El apóstol Juan dice claramente que quien vino a ser Jesucristo existía desde toda la eternidad: “En el principio era el Verbo, y el Verbo era con Dios, y el Verbo era Dios. Este era en el principio con Dios. Todas las cosas por Él fueron hechas, y sin Él nada de lo que ha sido hecho, fue hecho” (Juan 1:1-3).
Aquí Juan señala que el Verbo, el Logos o Vocero, estaba con Dios desde antes del principio. Fue el agente creador, por medio de quien Dios el Padre creó todo lo que existe. Más tarde: “En el mundo estaba, y el mundo por Él fue hecho; pero el mundo no le conoció.
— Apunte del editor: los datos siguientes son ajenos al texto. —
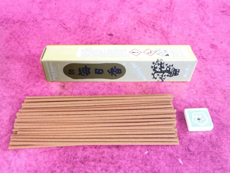 Typisch japanische Räucherstäbchen, raucharm, mit mild-süßem und weich-holzigem Palo-Santo-Duft.

A lo suyo vino, y los suyos no le recibieron. Mas a todos los que le recibieron, a los que creen en su nombre, les dio potestad de ser hechos hijos de Dios” (vs. 10-12).
El apóstol Pablo en varios pasajes, bajo inspiración divina, plantea lo mismo refiriéndose a Jesucristo: “Él es la imagen del Dios invisible, el primogénito de toda creación. Porque en Él fueron creadas todas las cosas, las que hay en los Cielos y las que hay en la Tierra, visibles e invisibles; sean tronos, sean dominios, sean principados, sean potestades; todo fue creado por medio de Él y para Él” (Colosenses 1:15-16). Y más adelante nos dice: “Dios, habiendo hablado muchas veces y de muchas maneras en otro tiempo a los padres por los profetas, en estos postreros días nos ha hablado por el Hijo, a quien constituyó heredero de todo, y por quien asimismo hizo el Universo” (Hebreos 1:1-2). Y luego: “Mas del Hijo dice: Tu trono, oh Dios, por el siglo del siglo; cetro de equidad es el cetro de tu Reino” (v. 8). Y finalmente: “Tú, oh Señor, en el principio fundaste la Tierra, y los Cielos son obra de tus manos” (v. 10).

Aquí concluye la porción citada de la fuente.